### EXERCISE BRIEF
Reproduce the listing word for word, leaving every picture behind.

### RAW DATA
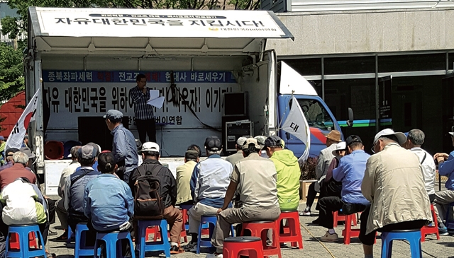 안보강연회는 공사를 위해 종묘공원 안쪽에 둘러친 펜스 사이에서 열렸다. 100명에 가까운 노인들은 플라스틱 의자를 그늘진 곳에 끌어다놓은 뒤 그 위에 몸을 걸쳤다. 더운 날씨였다. 이날 오후 2시쯤 되자 추 총장이 방송차량 위에 올랐다. 연설이 시작됐다. 민방위 훈련을 알리는 사이렌 소리가 크게 울렸지만 누구도 아랑곳하지 않았다.
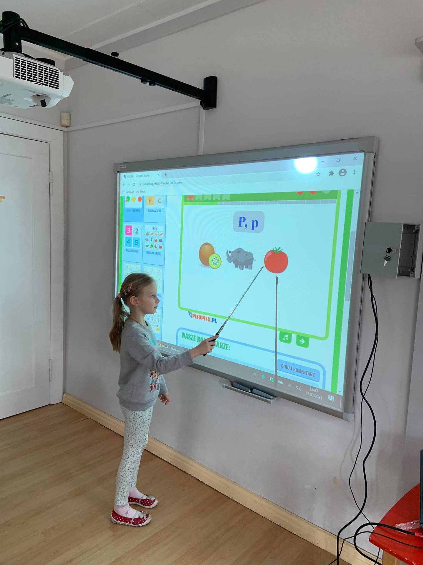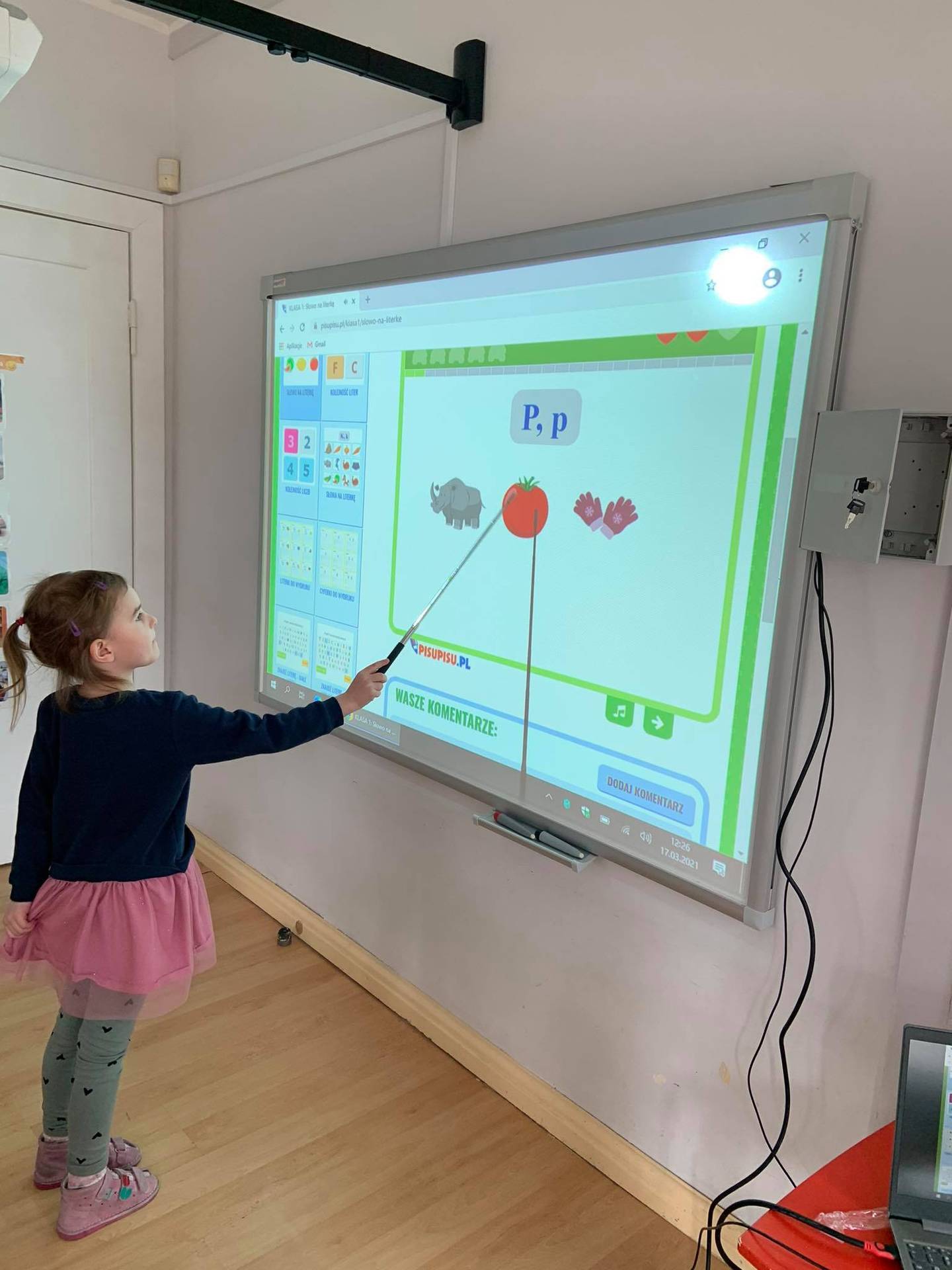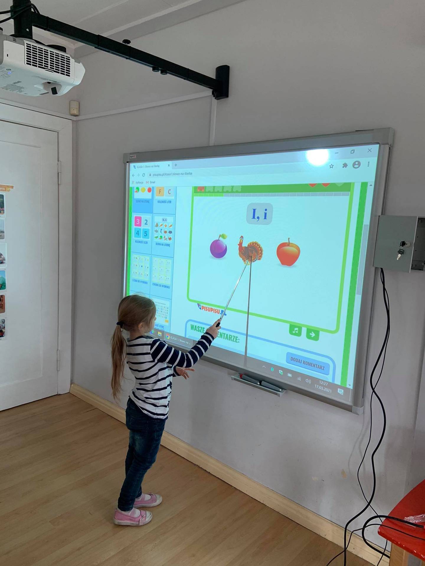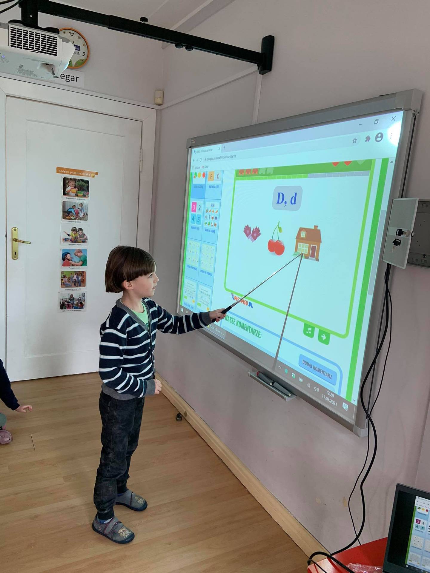 Właśnie dotarła do nas zakupiona przez Rodziców tablica interaktywna. Już z niej korzystamy . Dzisiaj uczyliśmy się i utrwalaliśmy poznane litery.
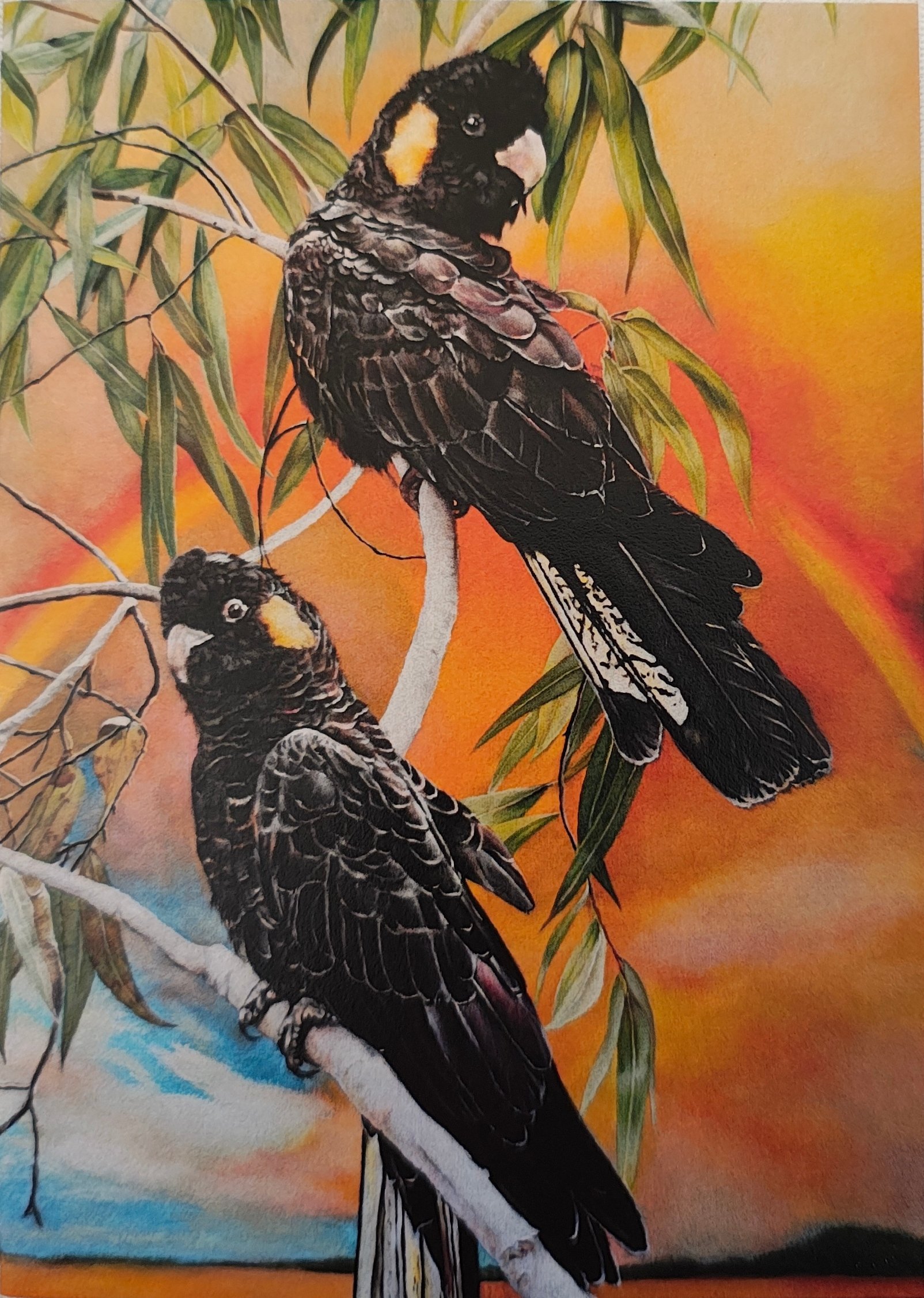 Capture the serene beauty of Australia's wildlife with the "Golden Hour Companions" Greeting Card. Perfect for any occasion, this card showcases a striking painting of Yellow Tailed black cockatoos set against a breathtaking sunset.

### ANSWER TO THIS PROBLEM
 안보강연회는 공사를 위해 종묘공원 안쪽에 둘러친 펜스 사이에서 열렸다. 100명에 가까운 노인들은 플라스틱 의자를 그늘진 곳에 끌어다놓은 뒤 그 위에 몸을 걸쳤다. 더운 날씨였다. 이날 오후 2시쯤 되자 추 총장이 방송차량 위에 올랐다. 연설이 시작됐다. 민방위 훈련을 알리는 사이렌 소리가 크게 울렸지만 누구도 아랑곳하지 않았다.
 Właśnie dotarła do nas zakupiona przez Rodziców tablica interaktywna. Już z niej korzystamy . Dzisiaj uczyliśmy się i utrwalaliśmy poznane litery.
 Capture the serene beauty of Australia's wildlife with the "Golden Hour Companions" Greeting Card. Perfect for any occasion, this card showcases a striking painting of Yellow Tailed black cockatoos set against a breathtaking sunset.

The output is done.